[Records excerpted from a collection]
== == ==

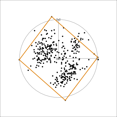Convex hulls are often used to summarise clusters in 2D. It is possible to view these in high-d, too.
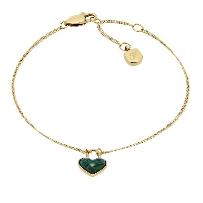 Pozlacený náramek Malachitové srdce Modern Meadows JF04858710 Fossil
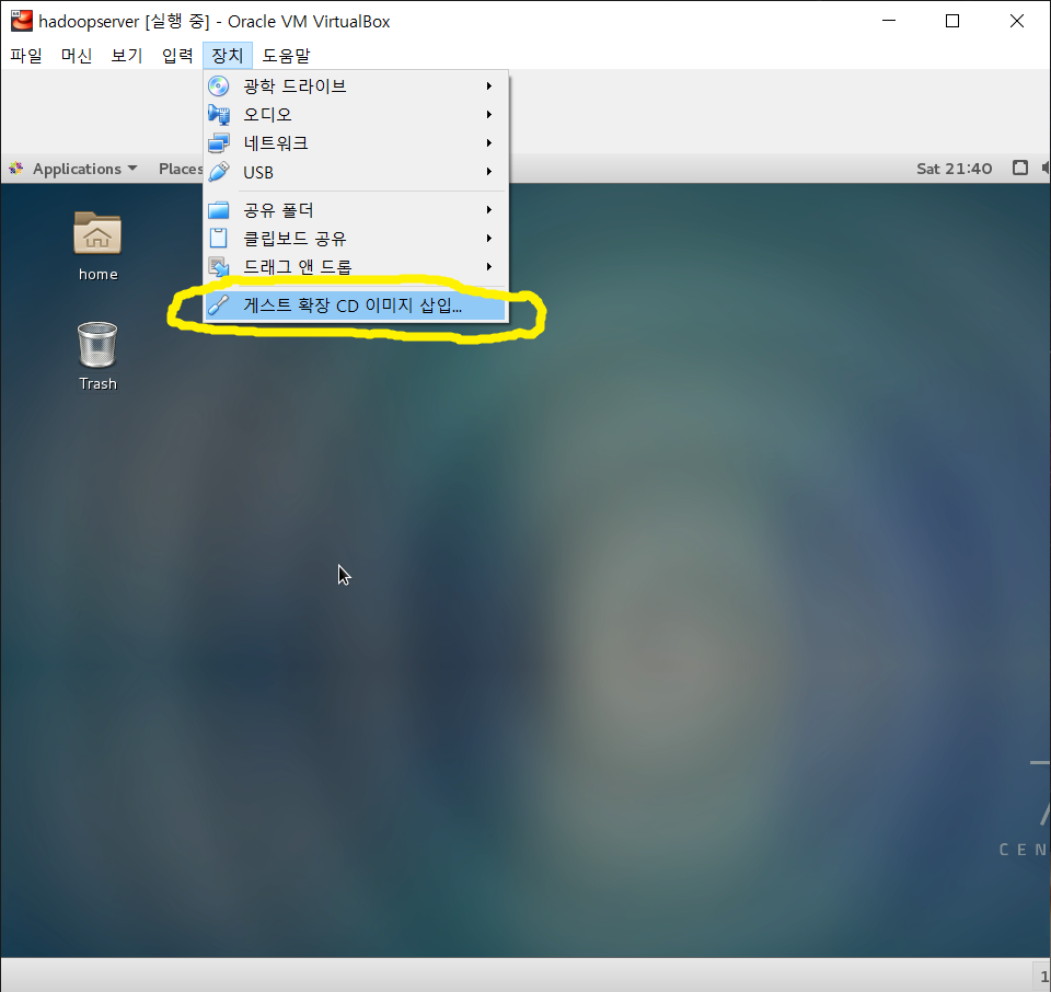 2. [장치] - [게스트 확장 CD 이미지 삽입...] 클릭
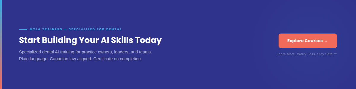 For dental teams that want clear, practical guidance, Myla’s AI Essentials training helps practices understand AI risks, privacy considerations, safe workflows, and team responsibilities.
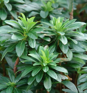 An evergreen plant that is excellent in sun or shade. A carefree, slowly spreading groundcover with shiny, deep green, leathery leaves. Yellow green disc-like bracts back chartreuse yellow flowers in late spring which last for months. Looks fantastic in a pot and in the garden. Grow in a protected site for best winter foliage. Most importantly, this plant has just about zero maintenance requirements. Unbeatable!
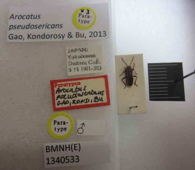 Arocatus pseudosericans. Paratype. (BMNH) - (CC BY-NC 4.0) Photo by Stuart Cole, reproduced with permission from the Natural History Museum, London, UK.
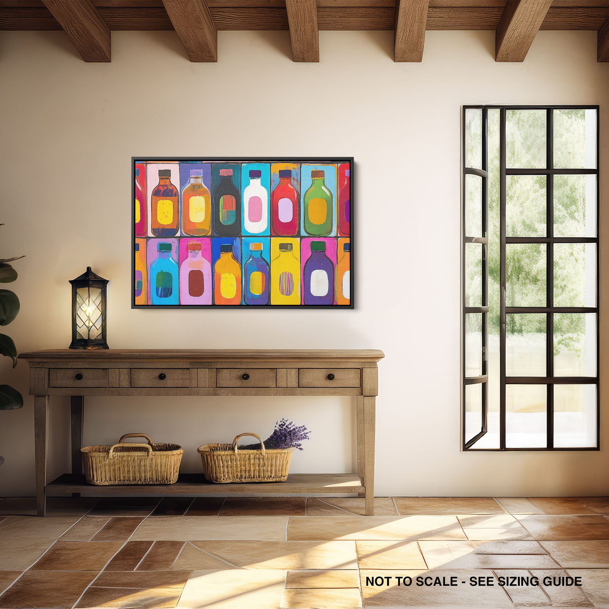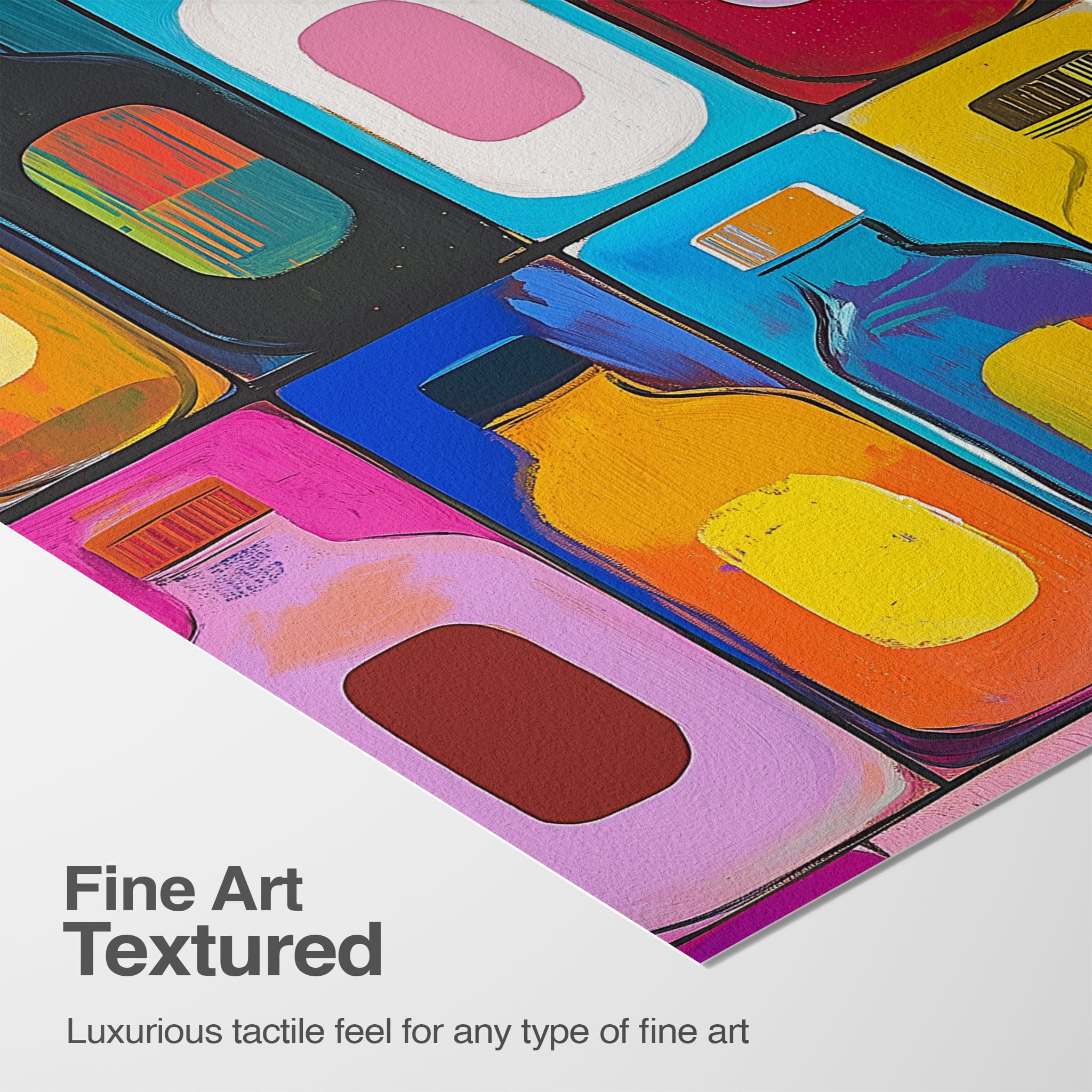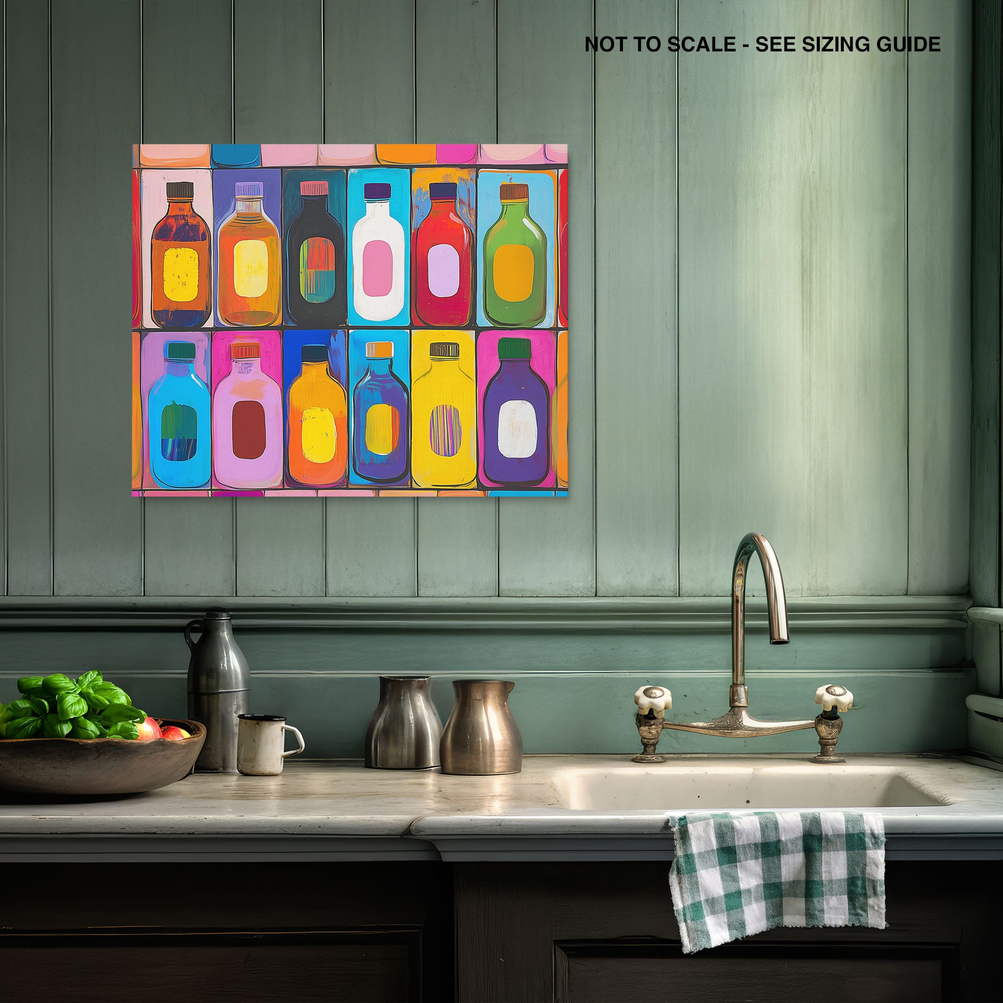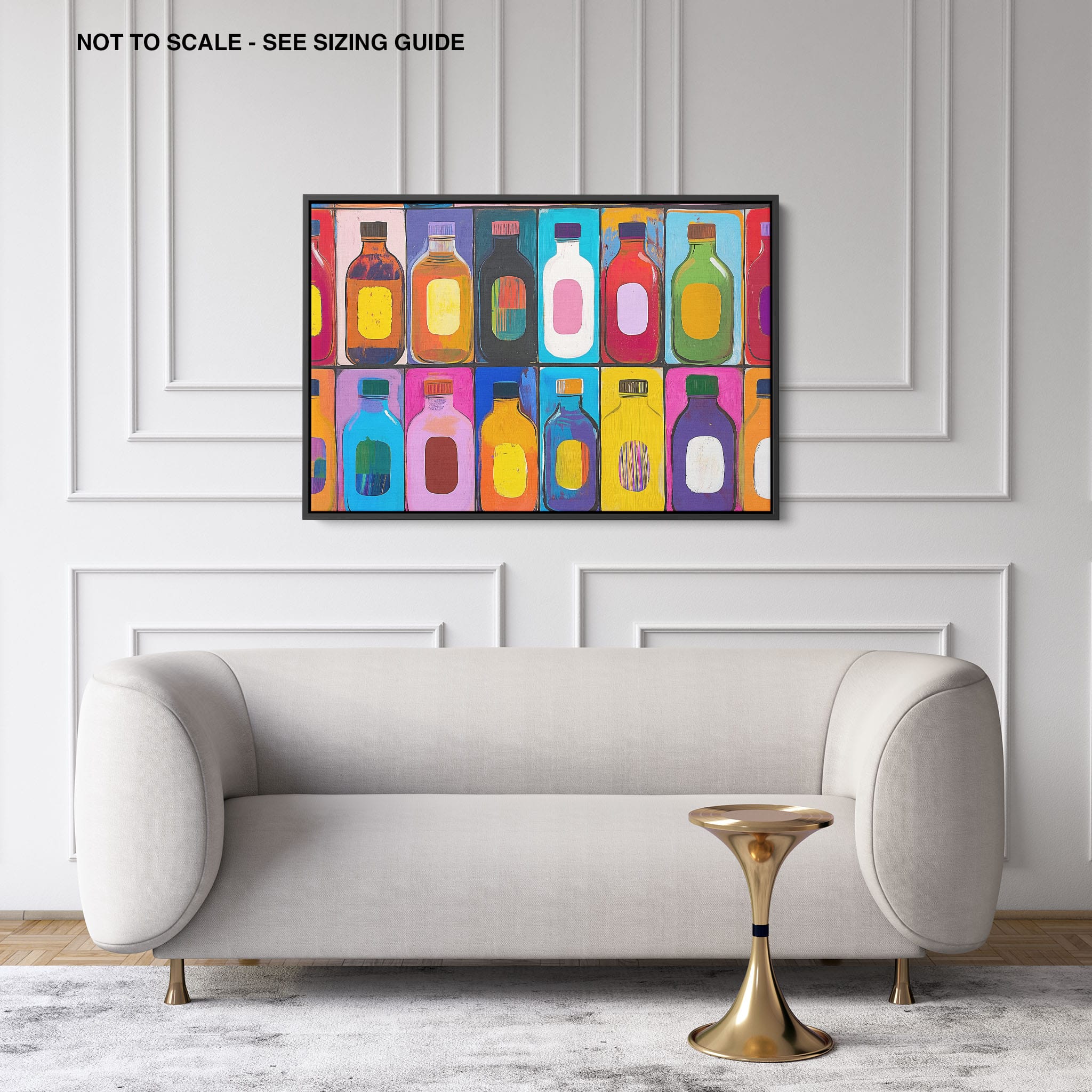 A vibrant selection of colorful painted bottles aligns perfectly in a geometric grid, creating a captivating visual pattern that sparks joy and inspires creativity. This painting leverages a modern yet pop-art style, employing bold, saturated colors and clean lines to draw the viewer's attention. Ideal for modern art lovers and those who appreciate colorful accents in their decor, this artwork adds a playful yet sophisticated touch to any space. Add this piece to brighten up your home or office with a splash of color and a dash of artistic flair.

== == ==

(Brief):
Word for word and without pictures, please write out only the lines from the start of the entries through the line containing "For dental teams", both included.

(Answer):
Convex hulls are often used to summarise clusters in 2D. It is possible to view these in high-d, too.
 Pozlacený náramek Malachitové srdce Modern Meadows JF04858710 Fossil
 2. [장치] - [게스트 확장 CD 이미지 삽입...] 클릭
 For dental teams that want clear, practical guidance, Myla’s AI Essentials training helps practices understand AI risks, privacy considerations, safe workflows, and team responsibilities.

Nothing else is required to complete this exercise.